Plus grave fût ce qui se passa à la communauté d’agglomération. Parce que la période l’y incitait, un olibrius du Front National profita de ce conseil convoqué par Bernard Leroy pour prendre la parole. Il est délégué désigné. On ne peut l’en empêcher. D‘ordinaire, nul n’y prête attention. Avec la famille Le Pen à 30% des voix dans l’Eure, c’était naturellement une autre affaire. Faisant preuve d’une rare grossièreté, cet individu s’en prit au maire de Bohicon, Luc Atropko, qui était ce soir là notre invité et, dans une moindre mesure, à celui qui pilote bien des délégations africaines en Normandie, Hubert Zoutu notre collègue d’Heudebouville, dont il n’a échappé à aucun de ceux qui l’approchent que sa peau a des reflets moins pâles que la mienne. Parce que le moment qui lui était offert s’y prêtait merveilleusement, nous avons eu droit avec le représentant de Mme Le Pen au Pont-aux-Anes du racisme le plus crétin et de la bonne conscience coloniale la plus bornée. Nous avons, par notre maladresse, je ne veux pas penser complicité, ajouté à ses moyens de campagne et à son temps de parole un bonus inespéré. Il y a bien un responsable à cela ?

Pour moi c’est Bernard Leroy. Comme la Quatrième République à qui on pardonnait de gouverner mal parce qu’elle gouvernait peu, il préside avec parcimonie. Avec modération, comme on le dit de l’absorption d’alcool, c’est à dire à faible dose. Aucune chance qu’en soufflant dans le ballon, on ne lui diagnostique un excès d’autorité ou un coma pragmatique. C’est d’ailleurs ce qui, en général, fait son charme. Pas au cas présent. Son silence obligea notre hôte africain à se défendre lui-même pour répliquer aux propos scandaleux qui furent proférés contre lui, propos qu’on peut regretter au nom des lois sacrées de l’hospitalité, mais surtout en vertu de notre éthique, de nos valeurs, de la devise de notre pays. Heureusement, notre ami béninois, donnant une leçon d’éloquence à ceux qui restaient muets, terrorisés par l’incident, fit rentrer avec habileté, avec fermeté, la bête immonde dans le ventre encore fécond d’où elle était sortie.
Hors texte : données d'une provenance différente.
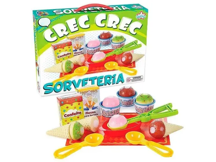 Com o Crec Crec Sorveteria da Bigstar, a criançada vai de divertir de maneira interativa e lúdica, explorando a imaginação e criatividade numa brincadeira de montar e servir sorvetinhos aos amiguinhos (as). É um dos itens de excelente vendagem da empresa, composto por: 1 travessa, 1 pá de sorvete, 2 caixinhas cartonadas, 2 toalhinhas cartonadas, 2 colheres, 3 copinhos, 3 casquinhas e 6 bolas de sorvete em cores variadas. Produto produzido em materiais adequados às crianças e aprovado/certificado pelo INMETRO. Indicado para crianças acima de 03 anos.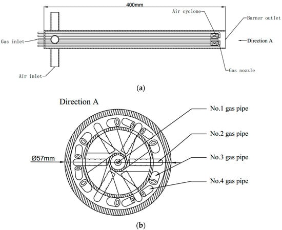 The newly developed low-NOx gas burner investigated in this study uses coke oven gas as combustion fuel. As shown in Figure 1, the burner optimizes the spatial distribution of gas and air by adopting air cyclone and gas dispersion jet technology. Combustion air is fed axially into the burner from the burner end face, while an air tangential cyclone structure is arranged at the burner outlet. The center of the cyclone structure is a direct current (DC) duct, and the outer ring area is a tangential cyclone blade at an angle of 30° to the axial direction. This cyclone structure divides the air into three parts: center DC air passing through the center DC duct, cyclone air passing through the cyclone vanes, and peripheral DC air passing through the outer edge. The center DC air ensures stable ignition and combustion of the central gas, while the cyclone air enhances turbulence intensity, promoting the mixing of gas and air. The peripheral DC air compensates for the rigidity shortcomings of the cyclone air, improving flame stability. Gas is introduced from the upper part of the burner, and after being distributed by the distribution ring, it is fed into the combustion chamber through several gas supply pipes. Gas is distributed by the distribution ring and then fed into the combustion chamber through several gas pipes.

Quelle leçon en tirer ? Oublions l’impréparation, l’inconsistance et l’improvisation de ces débats, puisque c’est une constante de notre intercommunalité. Ce qu’il faut retenir, c’est que l’agglomération Seine-Eure, parce qu’elle n’a vu venir ces cinq semaines d’élections dont chacun sait depuis juste cinq ans qu’elles allaient intervenir au printemps 2017, parce qu’elle n’est pas parvenue à adopter la réserve avisée qui sied aux périodes délicates de la politique hexagonale, parce que bureaucratiquement elle a continué d’avancer, seule de son espèce, qu’il pleuve, qu’il vente, et même si les loups sont entrés dans Paris, a offert un extraordinaire porte-voix à des propos probablement xénophobes, sans doute racistes, certainement indignes. Quitte à se réunir, elle aurait pu lancer un appel démocratique et républicain à toutes les femmes et à tous les hommes de bonne volonté pour faire chuter le Front National, battre le tambour de la mobilisation pour que recule l’abstention. Elle s’en est bien gardée. Cela ne lui est même pas venu à l’esprit. Non, il lui fallait remplir une double mission sacrée : voter son PLUI et permettre au représentant plénipotentiaire et titubant de Mme Le Pen de proférer quelques horreurs choisies. Mission remplie.